Prompt Engineering Guide: Getting Reliable Output from LLMs
The techniques that separate amateur prompting from production-grade prompt engineering.
Prompt engineering is the craft of communicating with large language models effectively and reliably. As AI is deployed into production systems, the quality of your prompts directly determines the quality of your output — and the reliability of your system. These are the techniques that matter most in real-world deployments.
The Fundamentals: Structure and Specificity
Most poor prompt output traces to two root causes: insufficient context and ambiguous instructions. The model doesn't know what you know, doesn't share your assumptions, and interprets ambiguous instructions in ways you didn't intend.
Fix this with structured prompts that separate components clearly: role definition, context, task instructions, constraints, output format. Use XML tags or clear delimiters to delineate sections. Be explicit about what format you want the output in — specifying JSON schema, markdown structure, or plain text requirements dramatically reduces formatting errors. When instructions are long, put them before the input data, not after — models attend more reliably to early context.
Chain-of-Thought and Reasoning Techniques
For complex tasks — multi-step reasoning, analysis, classification with multiple criteria — instructing the model to think step-by-step dramatically improves accuracy. 'Think through this step by step before giving your final answer' or 'First list the relevant factors, then analyse each, then draw your conclusion' are simple but effective interventions.
For highest-stakes reasoning, use structured thinking frameworks: ask the model to generate multiple hypotheses, evaluate evidence for each, then select the best-supported conclusion. This mimics the reasoning process that produces reliable human expert judgment and significantly reduces confident-sounding incorrect answers.

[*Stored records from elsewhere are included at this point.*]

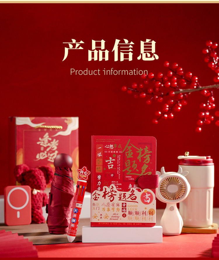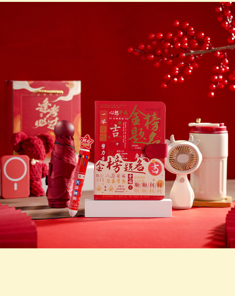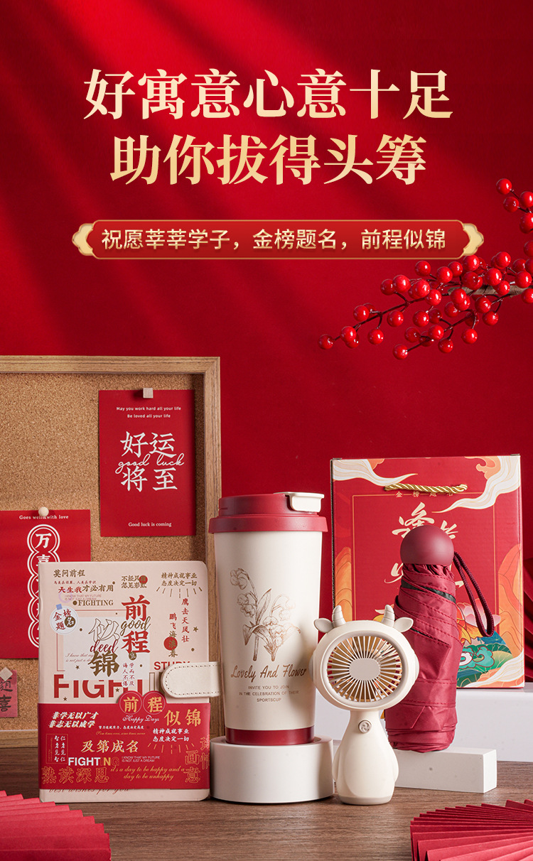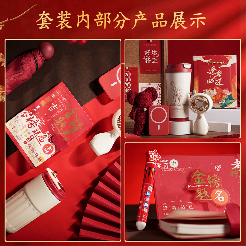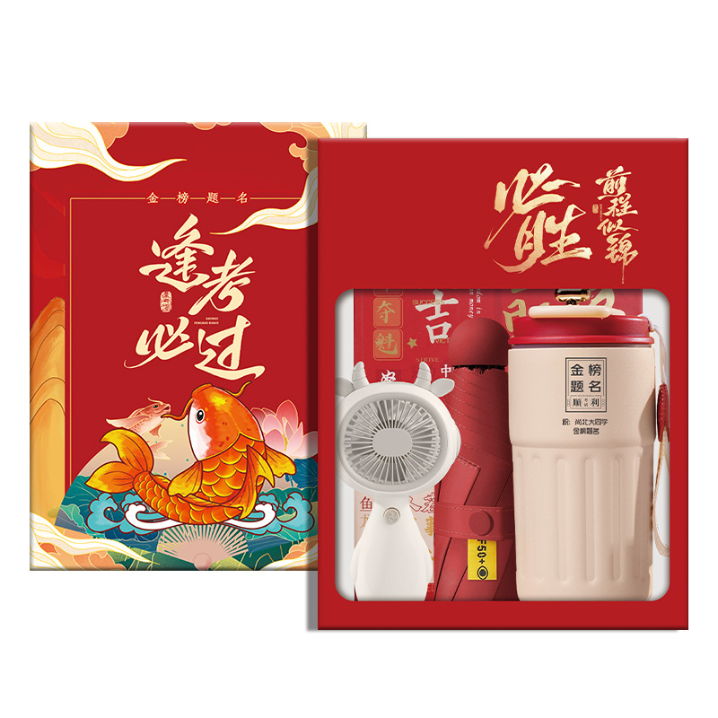 pass every exam four-piece set: digital display thermos cup (red) + gold ranking title powder + umbrella (red) + signature pen (red)
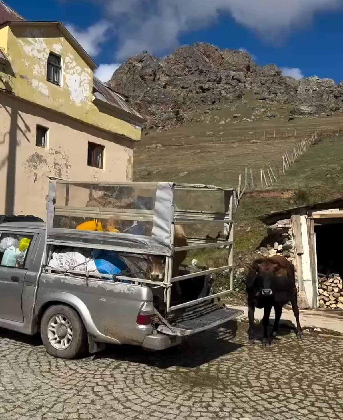 Yayla sezonunun sona ermesiyle ineklerden biri köye götürülmek üzere kamyonete yüklendi.
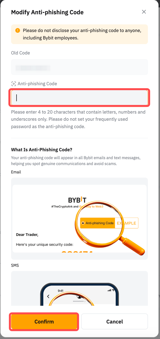 Enter your new desired Anti-phishing Code and click on the Confirm button.

Few-Shot Examples and In-Context Learning
Few-shot prompting — providing 2–5 examples of the desired input/output pattern before asking the model to complete a new instance — is one of the most reliable techniques for shaping output format and style. It works because LLMs are trained to continue patterns, and examples establish a pattern more precisely than instructions alone.

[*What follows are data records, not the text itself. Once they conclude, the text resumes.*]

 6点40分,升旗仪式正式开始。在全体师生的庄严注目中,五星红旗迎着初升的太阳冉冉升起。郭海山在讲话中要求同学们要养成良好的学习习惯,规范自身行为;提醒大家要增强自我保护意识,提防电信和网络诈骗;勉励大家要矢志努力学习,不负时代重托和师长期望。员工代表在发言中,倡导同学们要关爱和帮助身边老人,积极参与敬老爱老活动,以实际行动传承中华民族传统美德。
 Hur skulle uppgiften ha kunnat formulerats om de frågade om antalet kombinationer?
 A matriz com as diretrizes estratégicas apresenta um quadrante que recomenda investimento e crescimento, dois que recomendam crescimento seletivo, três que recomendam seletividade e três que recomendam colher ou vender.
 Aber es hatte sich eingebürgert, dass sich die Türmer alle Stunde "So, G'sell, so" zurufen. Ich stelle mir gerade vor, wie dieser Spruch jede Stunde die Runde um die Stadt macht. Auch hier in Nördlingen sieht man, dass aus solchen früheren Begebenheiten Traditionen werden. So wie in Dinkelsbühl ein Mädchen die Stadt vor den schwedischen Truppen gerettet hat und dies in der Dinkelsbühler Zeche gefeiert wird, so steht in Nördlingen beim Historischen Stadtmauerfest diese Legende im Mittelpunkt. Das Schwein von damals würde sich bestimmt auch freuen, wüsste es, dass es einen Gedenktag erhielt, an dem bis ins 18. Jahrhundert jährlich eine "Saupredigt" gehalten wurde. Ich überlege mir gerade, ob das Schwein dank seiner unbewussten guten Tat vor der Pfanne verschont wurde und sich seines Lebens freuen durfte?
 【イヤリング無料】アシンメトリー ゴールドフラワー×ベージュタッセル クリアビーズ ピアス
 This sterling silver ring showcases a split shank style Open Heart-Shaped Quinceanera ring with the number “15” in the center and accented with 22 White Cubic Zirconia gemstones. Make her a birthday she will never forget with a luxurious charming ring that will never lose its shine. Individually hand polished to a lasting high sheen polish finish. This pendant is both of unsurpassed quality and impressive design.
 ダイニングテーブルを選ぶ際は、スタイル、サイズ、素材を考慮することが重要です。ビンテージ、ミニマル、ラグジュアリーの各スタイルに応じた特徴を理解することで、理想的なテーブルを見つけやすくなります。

Select examples that cover the range of cases you expect in production, including edge cases. Diverse, representative examples outperform a larger number of similar examples. For classification tasks, ensure examples are balanced across classes to avoid anchoring the model toward the most-represented category.
Testing, Evals, and Production Monitoring
Production prompt engineering requires a systematic evaluation process, not intuitive iteration. Build a test set of representative inputs with known-good outputs before writing your prompt. Evaluate candidate prompts against this test set quantitatively. Track accuracy, format compliance, hallucination rate, and latency across model versions.
Tools like Promptfoo, Braintrust, and LangSmith make structured prompt evaluation tractable. Treat prompt changes like code changes: version-controlled, tested before deployment, monitored in production. The biggest reliability failures in production AI systems trace to uncontrolled prompt changes that looked fine in manual testing but degraded on the long tail of real inputs.